I'm very sorry if you don't like this, but I wrote it in about half an hour. Oh yeah, if you really don't like it, blame Heero! (See disclaimer underneath)
DISCLAIMER: I did not invent any of the characters, Gundam Wing, etc. They are all copyrighted by some company, so DON'T SUE ME if you have it copyrighted. Just sue Heero! He made me write this story at Wing Gundam-Point!!! No respect nowadays from these young rebels. (muttered by me)

1. Heero walked into the room. He put his arms around Relena, and they started to kiss.
"Wait one second, Relena. I have to make sure that everything's ready."
" All right." Relena blushes.
Heero walks to the door. He locks it, and then a clicking sound is heard.
"NO!" screams Heero.
"What is it?" asked Relena.
"My gun broke!"
(sweatdrops) "You mean you've been trying to kill me?" asks Relena.
Heero doesn't answer. Instead, he just jumps out the window, and promptly loses his head.
"NOOOOOOO!" screams Relena. "Heeeeeeeeerrrrrrrrrroooooooooooo!!!!"
"Yes, what is it Relena?" asks Heero.
(question marks and sweatdrops by Relena)

2. Heero, Relena, and the rest of the Gundam pilots walk into the room.
"Well I think I figured out who made this robot," says Trowa.
"Well, who is it?" asks Heero.
"It's OZ II."
"What? How did you find out so fast?" asks Heero.
"Well, it's just that you've got a commercial by them running on TV every minute or so." Trowa turns on the TV. (sweatdrops on Heero)
"We are OZ II, for we are the Outrageous Zebras Insurgent Idiots group!
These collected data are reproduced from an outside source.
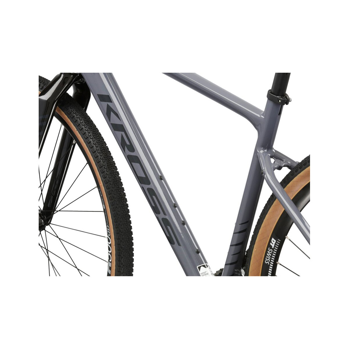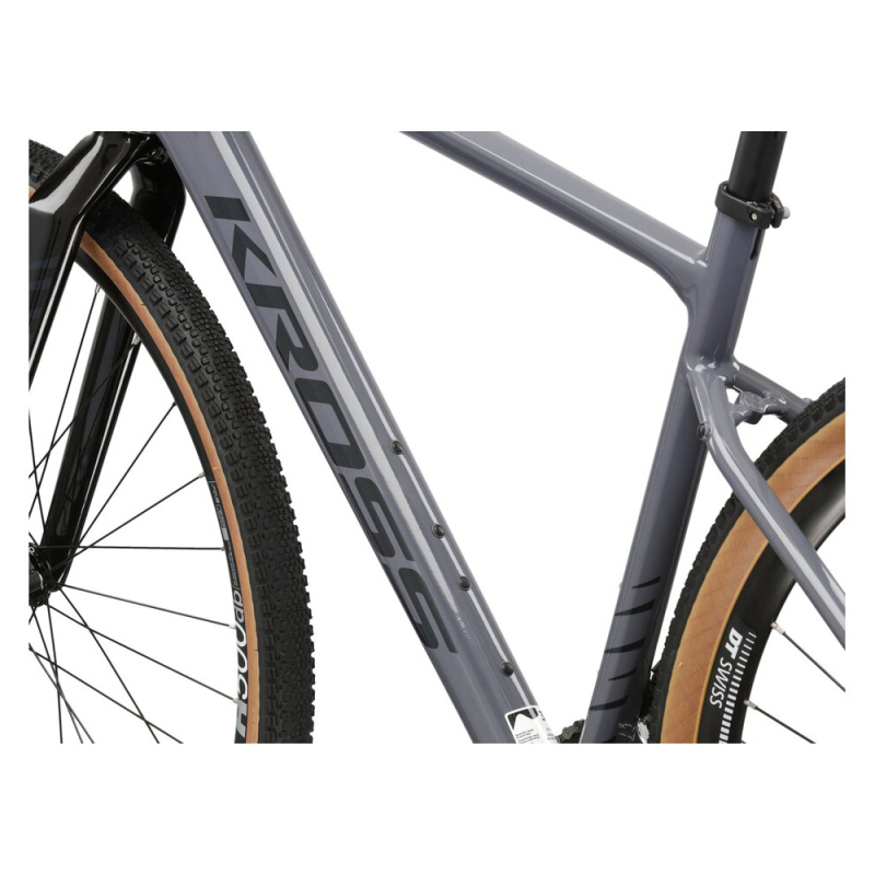 Nowa aluminiowa rama GEN2 posiada szeroki pakiet otworów montażowych do torebek, bagażnika, błotników, koszyków na bidony. Pojawiło się także dedykowane miejsce na montaż podpórki. Zaprojektowany w Kross lekki i sztywny karbonowy widelec posiada wewnętrzne prowadzenie przewodu hamulcowego, do tego może być stosowany zamiennie z gravelowymi amortyzatorami o skoku 30 mm.
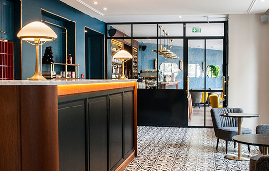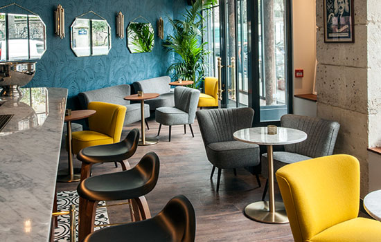 Situé à deux pas du jardin du Luxembourg et la place du Panthéon, l’hôtel André Latin,érigé en plein coeur du quartier Latin, accueille depuis quelques semaines un bar à cocktails aux influences dandyesques, un salon confortable et un lobby transformé en lieu de vie ouvert à tous. L’espace imaginé par l’architecte d’intérieur, Michaël Malapert, dévoile son atmosphère chaleureuse et invite les visiteurs dans un univers élégant et authentique, un «home sweet home» directement accessible depuis la rue. Dès 8h, le bar ouvre ses portes sur la terrasse et propose un assortiment d’infusions, de thés noirs et verts, ainsi qu’un très bon café torréfié de chez Lomi. Dans le rayon notes sucrées, un choix gourmand de cakes de chez Rachel’s attend les plus gourmands.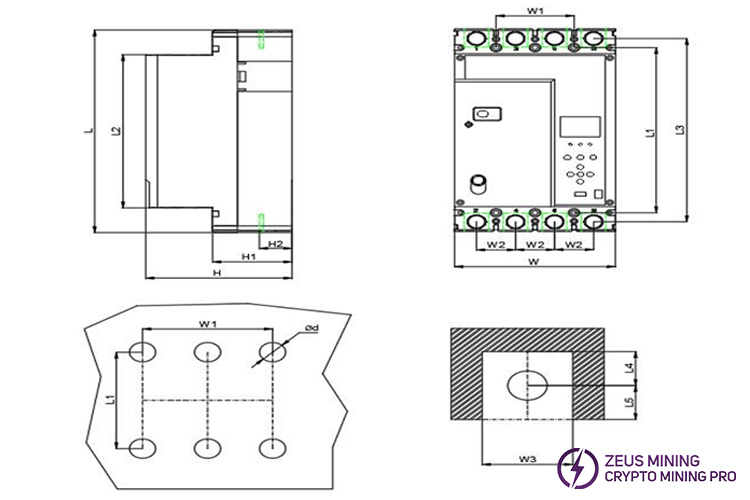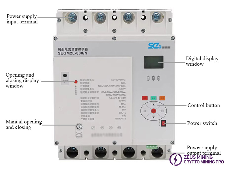 M2L series 630A 800A residual current protection circuit breaker is suitable for a three-phase four-wire neutral point direct grounding (TT) distribution network with AC 50Hz, rated voltage 400V, and rated current 252A to 800A. It is used to provide indirect contact protection against personal electric shock hazards, and can also protect lines and electrical equipment. New upgraded LCD display with remote communication. This product has overload protection, short circuit protection, overvoltage protection, undervoltage protection, phase loss protection, phase error protection, zero break protection, surge protection, automatic reclosing, and communication functions. It is widely used in ASIC miner mining farms, power, and other industries.

Ah ha ha ha ha! By now, Queen Relena should be dead, and we, whose address will not be spoken, rule the world! Ha Ha HAAAAA! If you have any comments on our ruling the world, please send a letter to Asteroid X, point 123455555 space. Ha Ha HAAAAAAA!"
"Oh brother. These guys are idiots. And they're zebras. And they also like to moon us," says Quatre.
"Okay. Let's do our thing and almost kill ourselves. AGAIN! Geez. They keep on hiring us. And we just finished Endless Waltz yesterday. Oh well. We better be getting paid overtime for this!" said Duo.

3. All five of them entered their Gundams and went to Asteroid X.
"Hello. Welcome to Asteroid X, home of the Outrageous Zebras Insurgent Idiots group. May we take your order?" asked the voice.
"Um, yes, I would like a dozen cheeseburgers..." started Trowa.
(Duo and Quatre sweatdrops.)
"Let's go, Trowa!"
"But I'm hungry!"
"It doesn't matter! Let's go!"
"Oh. Would you like to go inside?" asked the voice.
"Yes, please!" screamed Relena in her "peace-loving" gundam, that was armed with a "peace-keeping rifle" which could destroy the entire world in a single shot.
"Why?" asked the voice.
"Because we said so, you @#%$!!!" said Duo.
"Okay. Please enter on the door to your left," said the voice.
The gundams went inside, and started to systematically destroy all of the Zebras inside.
All of a sudden, Zechs steps out in Epyon, and attacks the Gundams!
"Why, brother, why?" asks Relena.
"Because I'm getting paid about 1.7 billion dollars to destroy you guys. Sorry," replies Zechs.
"Give me your gun, Relena," said Heero.
"Okay. Why?" asks Relena.
"I can no longer kill!" Heero points the gun at the Wing Gundam and fires, but Relena hits his arm and the gun points toward Zechs at the last moment, blowing a giant hole in Epyon, and Epyon flew toward the wall of the asteroid, blowing a gigantic hole in the asteroid.
"This place is falling apart! Let's go!" screamed Quatre. "What are you doing, Duo?"
"Oh, just getting some scrap for my job. Let's go!" The Gundams flew into space.
"The asteroid is falling toward Earth! I'm going to finish it!" screamed Heero, as he pulled out his Double Buster Rifle.
"I can't...I can't...I," says Heero, but is cut off by Relena.
"Don't be a chicken!" says Relena.
"Well, I just wanted to make it more dramatic," complained Heero.
"Well, hurry up then!!!"
"All right. (BOOM! An explosion rocked the area) There are you happy now?" asked Heero as he left the Gundam.
"Yes, I am," says Relena, as the two kiss in space.
"Oh, man, I hate these mushy endings," complained Duo.

I hope you enjoyed my second fanfic! See you later! "What do you mean!?! Is that it?" asks Duo. Actually, no. Sorry all you Duo fans, but he's been getting on my nerves all day. DIE! DIE! DIE!